Gerry’s performance hit a new low ebb last night. There had been flickers of his old self during the summer tour, but last night stamped out any dying embers. He appeared positively affronted when McDevitt put it to him that the IRFU should be looking at lining up replacements now, rather than leaving it to nine months time. He is only capable of seeing an upturn in Ireland’s fortunes, in spite of all evidence in front of him. When Brian O’Driscoll’s eye-opening quotation about not really knowing who’s in charge of Ireland’s attack was put to him, he simply ummed and aahed, leaving Keith Wood to point out that this was a proper criticism, indeed a shot across the bough.
Then the hand-picked, selective statistics came out. Ireland were top try scorers in the Six Nations! Our attack is fine! Yes, they were, but nine of the thirteen tries came in home games against Scotland and Italy. The more pertinent statistic is that Ireland won two out of five games and remain maddeningly inconsistent and reactive.
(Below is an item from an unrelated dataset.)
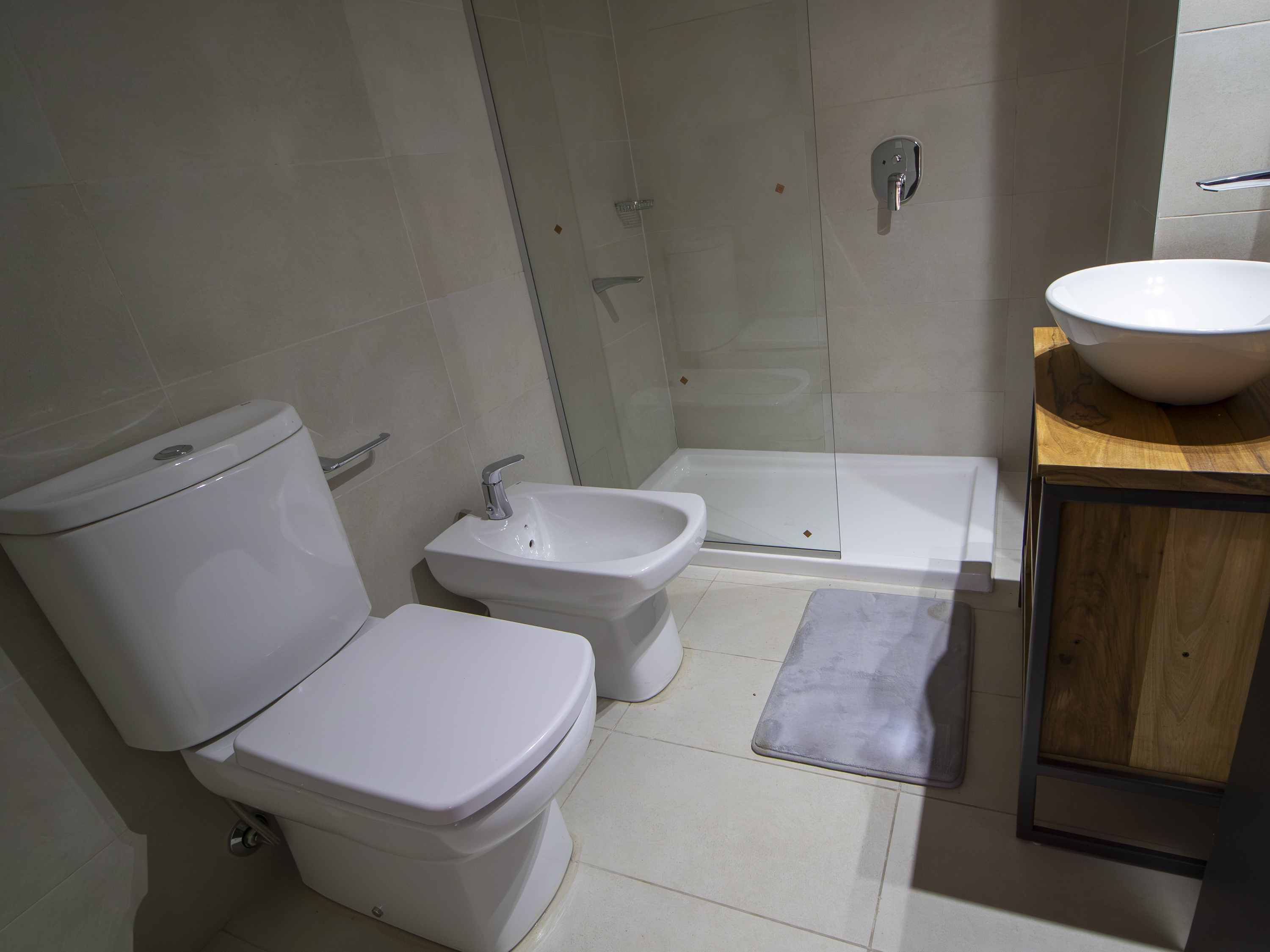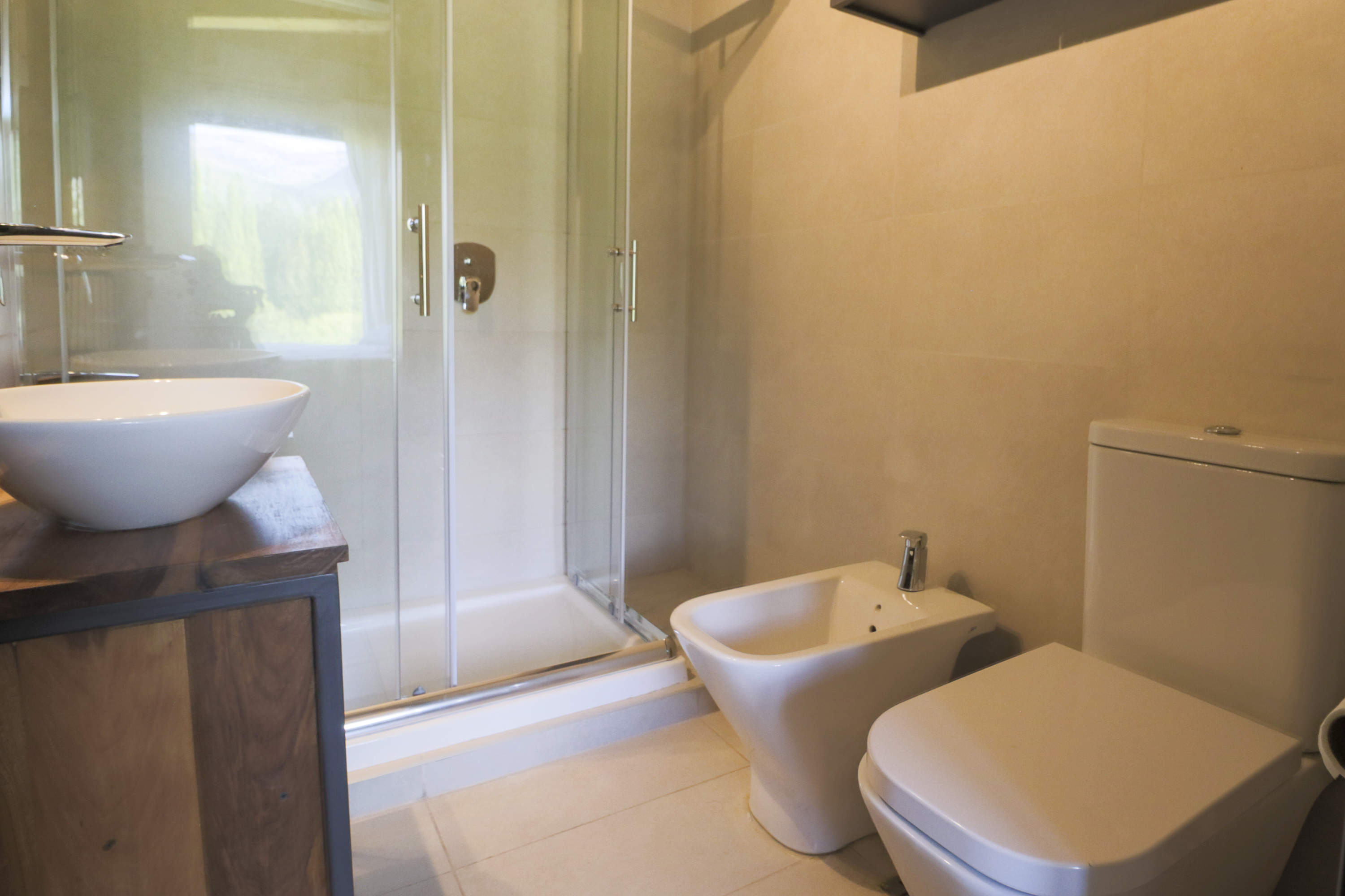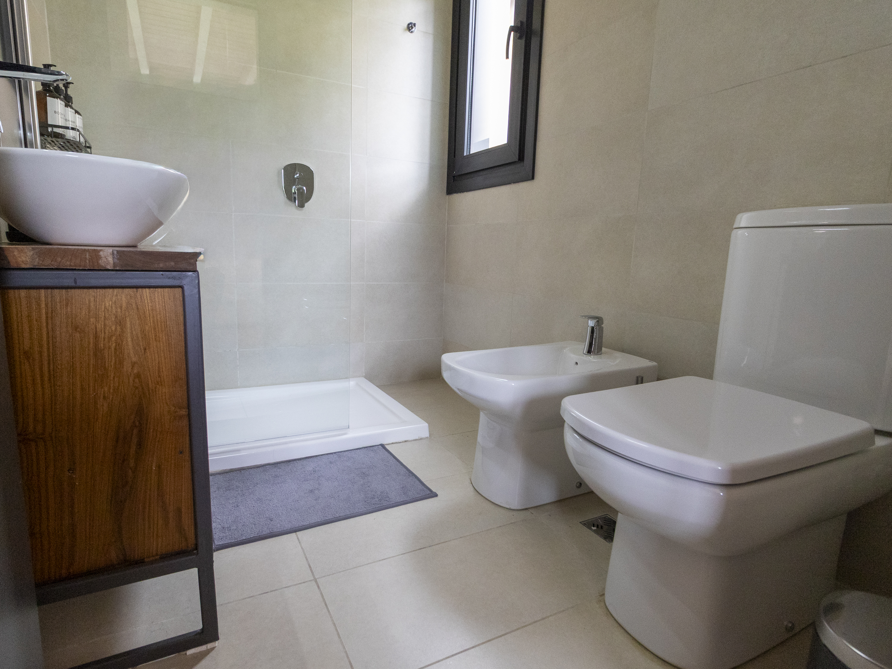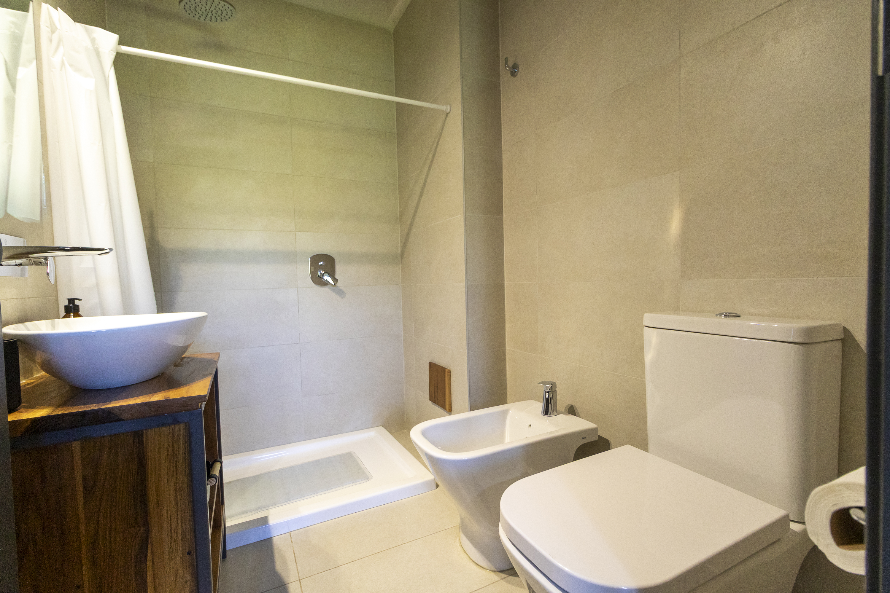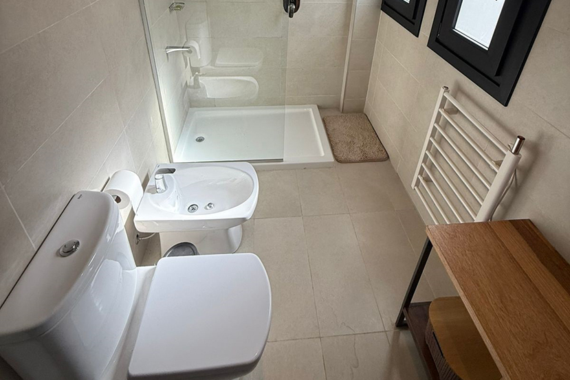 1 Baño completo con bidet y receptáculo.

The lowest point came when Keith Wood suggested Ireland should bring in Joe Schmidt to offer a different voice and bring something new to Ireland’s attack. Thornley’s extraordinary response was that this would cut across Les Kiss. Apparently we should be more concerned about upsetting the ego of Ireland’s already overworked defence coach than getting the best possible coaches to work with. It’s hugely depressing that the leading rugby journalist in Ireland’s predominant rugby paper should be pussy-footing around the obvious issues like this. Nobody wants our journalists to become a ’head-on-a-plate’ raging mob, but asking the pertinent questions is the least we should expect.
WoC recalls a time when any Six Nations or Heineken Cup day began with reading Thornley’s previews in that day’s Times, be it on the couch or on the way to the ground. It’s a sad decline from a once great writer.